ECLI:NL:RBROT:2020:2705

Rechtbank Rotterdam

Datum uitspraak
20 maart 2020
Publicatiedatum
30 maart 2020
Zaaknummer
C/10/593336 / FA RK 20-1808
Instantie
Rechtbank Rotterdam
Type
Uitspraak
Procedures
  • Beschikking
Vindplaatsen
  • Rechtspraak.nl
AI samenvatting door LexboostAutomatisch gegenereerd

Machtiging tot voortzetting van de crisismaatregel op basis van de Wet verplichte geestelijke gezondheidszorg

Op 20 maart 2020 heeft de Rechtbank Rotterdam een beschikking gegeven inzake de voortzetting van een crisismaatregel op verzoek van de officier van justitie. De zaak betreft een betrokkene die in een crisisverblijf is geplaatst vanwege een psychische stoornis, met als gevolg dat hij hinderlijk gedrag vertoonde en een risico op ernstig lichamelijk letsel en maatschappelijke teloorgang met zich meebracht. De officier van justitie verzocht om voortzetting van de op 16 maart 2020 opgelegde crisismaatregel, welke mondelinge behandeling plaatsvond op 20 maart 2020. Tijdens deze zitting zijn de betrokkene, zijn advocaat en enkele zorgverleners gehoord. De rechtbank oordeelde dat er sprake was van onmiddellijk dreigend nadeel en dat de situatie zo ernstig was dat de procedure voor een zorgmachtiging niet kon worden afgewacht.

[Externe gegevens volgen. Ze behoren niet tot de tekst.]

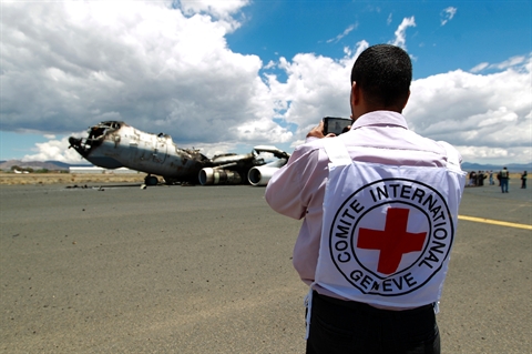 | Un membre de la Croix-Rouge sur le tarmac de l'aéroport de Sanaa, le 5 mai |
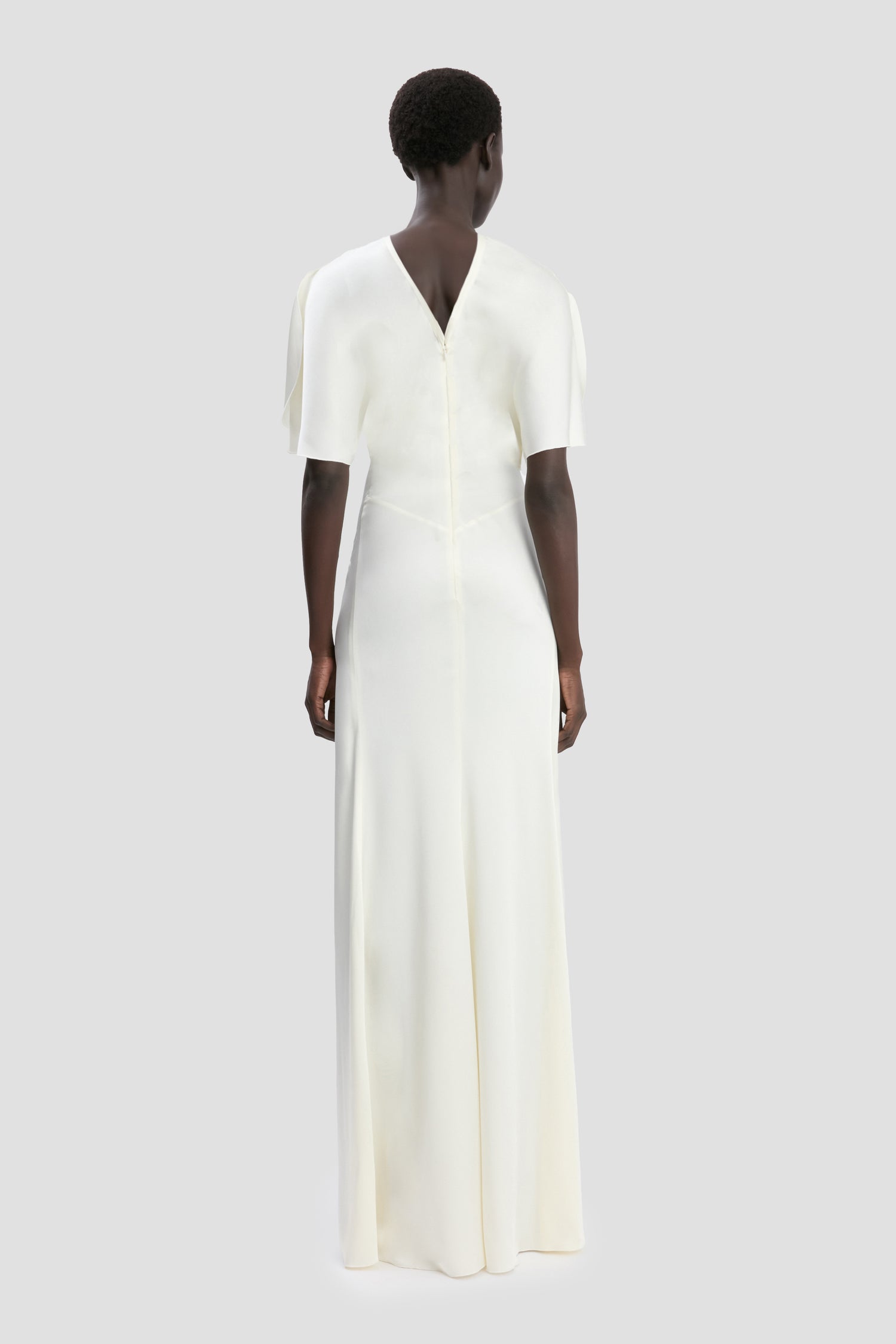 Reimagined in a nostalgic shade of Ivory, the Isabella Dress is a romantic proposition for the new season. Crafted from luxurious crepe back satin, it is fitted at the waist and hip for a flattering hourglass shape. A provocative open back design, elegant tie detail at the back of the neck and tactile pleating at the skirt add sensuous points of difference. A floor-pooling hemline adds a dramatic finishing touch.

De rechtbank verleende een machtiging tot voortzetting van de crisismaatregel, die een geldigheidsduur heeft van drie weken. De rechtbank bepaalde dat verplichte zorg, waaronder het toedienen van medicatie en het beperken van de bewegingsvrijheid, noodzakelijk was om het dreigende nadeel af te wenden. De beschikking is op 20 maart 2020 mondeling gegeven door rechter A.C. Hendriks en op 30 maart 2020 schriftelijk uitgewerkt.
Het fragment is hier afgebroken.